Can LTM be used to configure Active and Passive Servers?

We need to forward existing connection to higher priority pool members when it comes back online.

doesn't it break application? what is application traffic? is it http?

It is TCP only, application has a way to renegotiate, it does not break the application

So, devcentral has started CCing me on this thread, even though I have no subscription or prior activity on it. I looked for a place to delete my f5 devcentral account, given that devcentral is routing messages to me that I am not subscribed to. That's not easy, apparently. It might be a hash collision in the subscription ids, or something like that.

There was apparently no better place for me to report such an issue, so I have no choice but to report it here and discard any email from this system.

The pool shows only one pool member per PGA, so configuring F5 to be dumb L3 (nPath) should cause the desired behavior (though with a caveat).

Unless you're running a ridiculously customized TCP stack, however, you'll need to handle L4/L5 session control "some how" (hence caveat). I expect shifting a TCP session mid-stream isn't going to work for you.

This means leveraging OneConnect, but that doesn't work w/fastL4, so I agree that you'll likely need to descend the rabbit hole of iRules. I am moderately confident that a solution is possible, but well beyond the scope of something I would want to develop via this forum. In any case, if this is possible at all, that is where you will find it (via OneConnect & iRules).

Good luck!

Thanks A. Obviously I could post detail information how application works, that is not we need to worry about it here. Would you please to read OneConnect definition.

Agreed, further app details aren't needed at this point -- it is sufficient to know that the back-end app is capable of resuming a session on a new pool member (recovered principle device) from another pool member (secondary device).

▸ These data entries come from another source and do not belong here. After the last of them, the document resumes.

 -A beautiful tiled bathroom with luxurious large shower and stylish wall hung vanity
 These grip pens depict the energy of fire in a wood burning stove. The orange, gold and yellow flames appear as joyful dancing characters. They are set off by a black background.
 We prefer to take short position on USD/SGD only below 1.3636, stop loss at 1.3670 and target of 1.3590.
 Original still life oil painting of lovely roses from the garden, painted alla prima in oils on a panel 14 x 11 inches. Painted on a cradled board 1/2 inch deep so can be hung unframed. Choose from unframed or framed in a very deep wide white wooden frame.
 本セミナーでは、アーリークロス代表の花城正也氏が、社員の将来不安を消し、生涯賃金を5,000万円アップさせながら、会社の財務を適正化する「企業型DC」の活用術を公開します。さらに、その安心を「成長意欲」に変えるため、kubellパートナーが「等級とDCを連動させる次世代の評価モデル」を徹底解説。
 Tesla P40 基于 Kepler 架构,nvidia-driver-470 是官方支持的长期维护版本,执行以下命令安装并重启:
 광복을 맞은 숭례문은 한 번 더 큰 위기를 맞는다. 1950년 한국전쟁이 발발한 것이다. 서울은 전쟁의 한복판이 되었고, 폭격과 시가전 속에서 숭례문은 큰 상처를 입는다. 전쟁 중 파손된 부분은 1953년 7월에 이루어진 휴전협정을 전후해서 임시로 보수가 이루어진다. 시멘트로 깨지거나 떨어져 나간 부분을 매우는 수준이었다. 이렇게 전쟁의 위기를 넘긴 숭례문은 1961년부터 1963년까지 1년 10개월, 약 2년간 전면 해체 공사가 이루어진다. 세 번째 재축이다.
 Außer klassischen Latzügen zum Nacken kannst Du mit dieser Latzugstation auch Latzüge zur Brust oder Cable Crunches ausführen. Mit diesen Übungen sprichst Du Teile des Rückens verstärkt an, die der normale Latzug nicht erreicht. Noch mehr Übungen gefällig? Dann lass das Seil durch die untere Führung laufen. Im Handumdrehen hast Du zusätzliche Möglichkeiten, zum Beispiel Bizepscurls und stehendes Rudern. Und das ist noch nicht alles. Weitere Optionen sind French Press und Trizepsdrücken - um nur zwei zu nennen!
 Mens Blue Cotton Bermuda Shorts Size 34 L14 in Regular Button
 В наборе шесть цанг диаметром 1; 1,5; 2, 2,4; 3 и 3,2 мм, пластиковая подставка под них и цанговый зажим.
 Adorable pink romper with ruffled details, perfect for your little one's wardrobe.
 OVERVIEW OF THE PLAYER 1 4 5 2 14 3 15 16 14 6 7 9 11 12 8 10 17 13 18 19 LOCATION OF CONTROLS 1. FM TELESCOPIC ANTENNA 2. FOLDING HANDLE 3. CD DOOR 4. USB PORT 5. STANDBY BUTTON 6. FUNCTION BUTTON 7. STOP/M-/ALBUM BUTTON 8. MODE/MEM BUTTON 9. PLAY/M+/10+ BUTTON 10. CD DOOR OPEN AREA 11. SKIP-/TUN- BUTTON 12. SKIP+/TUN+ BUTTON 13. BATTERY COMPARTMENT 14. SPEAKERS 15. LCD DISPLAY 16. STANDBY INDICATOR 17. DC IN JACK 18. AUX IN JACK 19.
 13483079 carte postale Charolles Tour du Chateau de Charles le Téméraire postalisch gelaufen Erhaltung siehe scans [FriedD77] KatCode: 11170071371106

SOL7208: Overview of the OneConnect profile https://support.f5.com/kb/en-us/solutions/public/7000/200/sol7208.html

OneConnect cliff notes: Allows abstraction of the client side tcp session from the server side tcp session. Additionally, it allows multiple client side connections within_the_same_tcp_session to be carved up into multiple server side connections (think upstream reverse web proxy; e.g.: Akamai). This OneConnect framework would, in theory, provide the needed hook to redirect the server side tcp session.

It is one of the more complex and sophisticated features of an F5.

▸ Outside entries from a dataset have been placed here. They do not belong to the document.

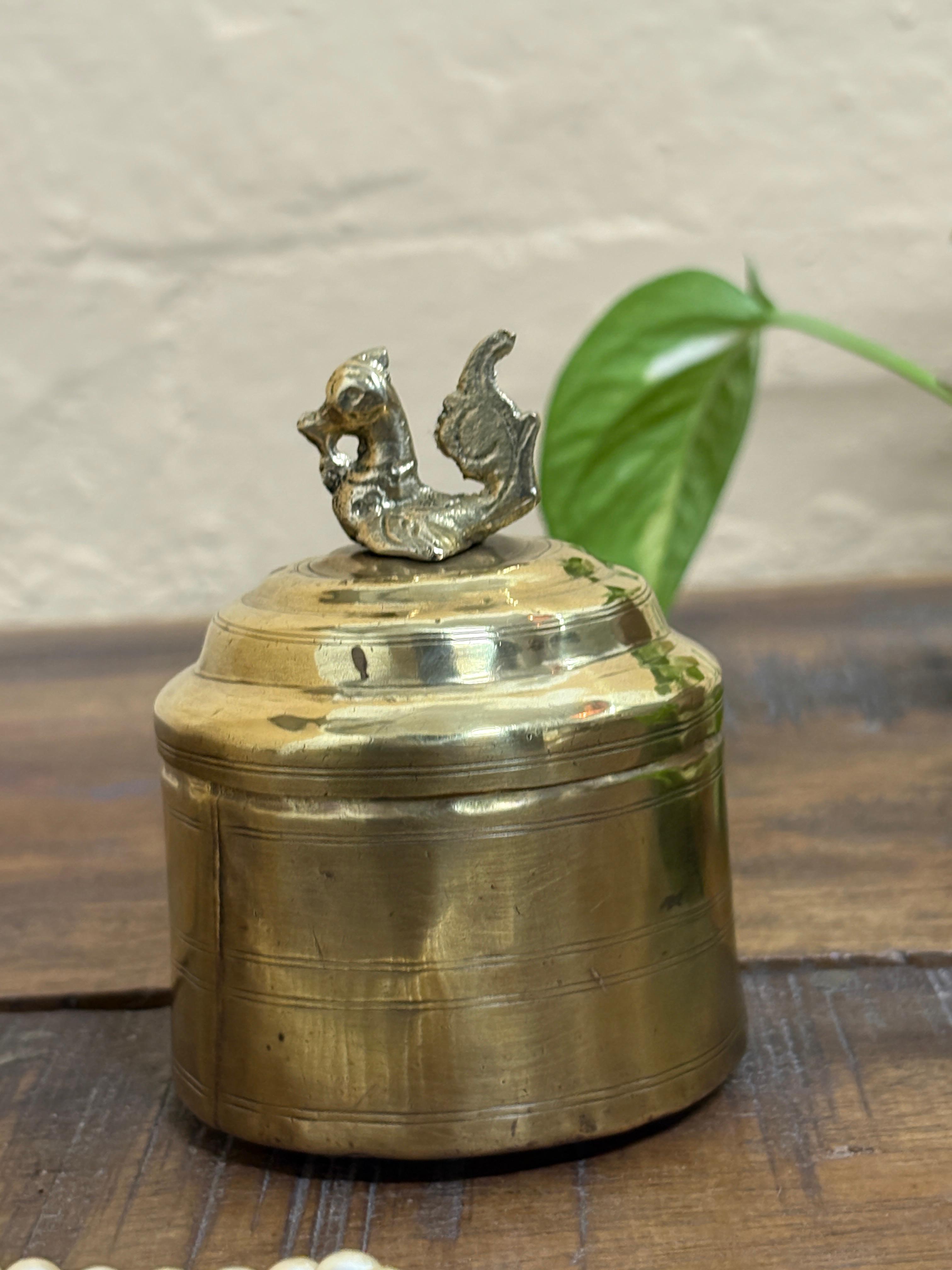 Charming small bird-shaped brass box with intricate detailing. Perfect decorative piece for your home.
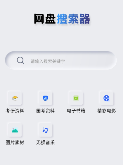 【软件介绍】:网盘搜索器是一款网盘资源搜索工具,支持搜索考研资料、国考资料、电子书籍、精彩电影、图片素材、无损音乐等,可搜索蓝奏云、夸克网盘、百度云、阿里云等。网盘搜索器支持夸克、阿里云、百度网盘等网盘资源搜索,还不错。
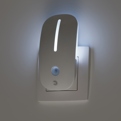 Светильник-ночник со светодиодами (LED) в качестве источников света. С сенсором света, включается автоматически, когда становится темно и так же сам гаснет с рассветом. Светодиодный ночник не мерцает, что помогает сохранить здоровье глаз. Минимальное потребление энергии позволяет использовать прибор всю ночь.
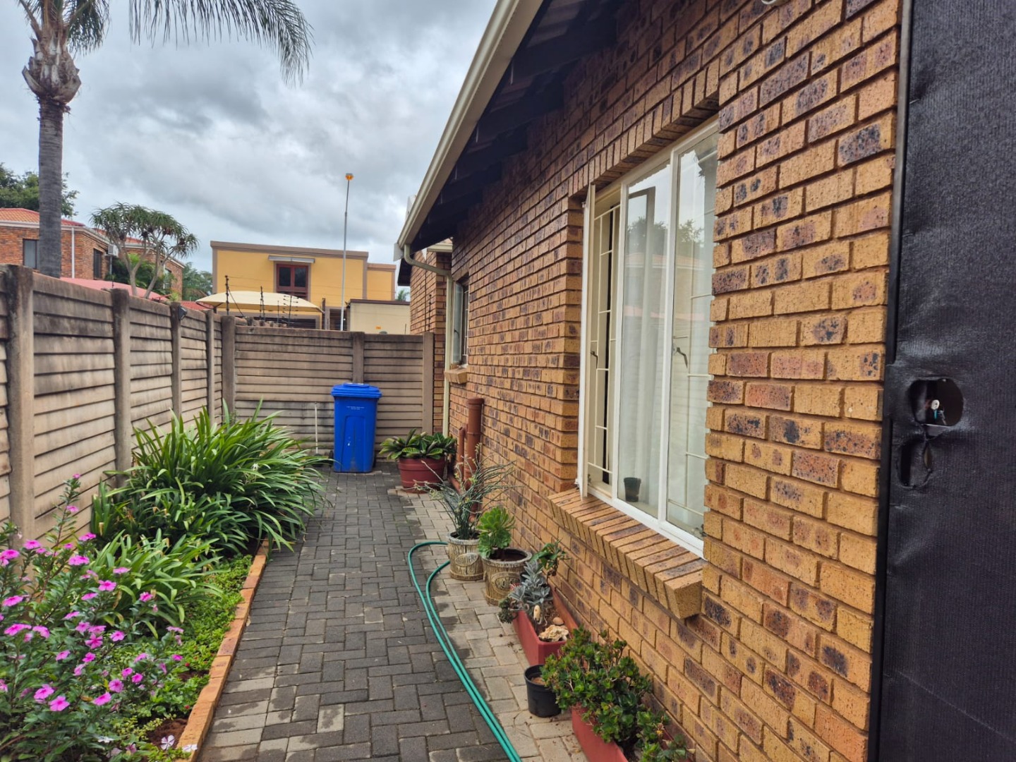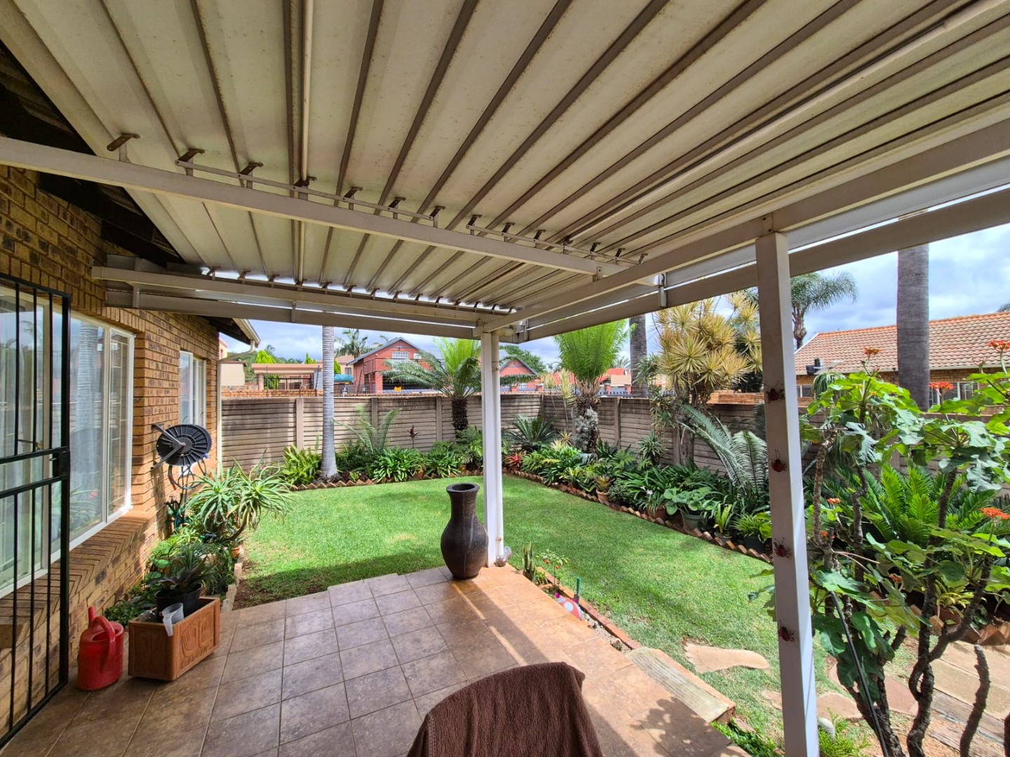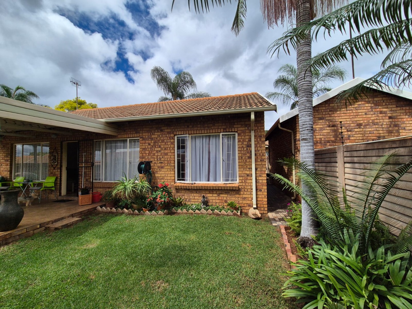Discover this charming residential property nestled within a secure complex in the metropolitan and suburban area of Ninapark, Akasia. The property boasts a classic brick exterior, contributing to its appealing kerb appeal, set within a well-maintained environment featuring paved roads and mature palm trees, indicative of a neat and secure community.

To be clear, it is doubtful that a checkbox exists that enables the desired behavior. A useful (needed?) side effect of the OneConnect feature is that the profile enables per packet inspection of the client side traffic which means, in theory (a lot of theory here), that one could evaluate if the principle PGA pool member had recovered and force a pool member reselect once detected.

As such, OneConnect + iRule may accomplish what you're after...

...or cause a TCL error, TMM core, or sundry other possible problems. Be sure to test in a lab (basic fail-over/back during active traffic would be sufficient for a PoC) and load test for performance (anytime iRules are used to solve problems, this is particularly crucial). Making a new LB decision on pool member recovery mid-stream is not going to be a common use case (read: won't be heavily tested by PD nor have the benefit of heavy usage/validation in the field).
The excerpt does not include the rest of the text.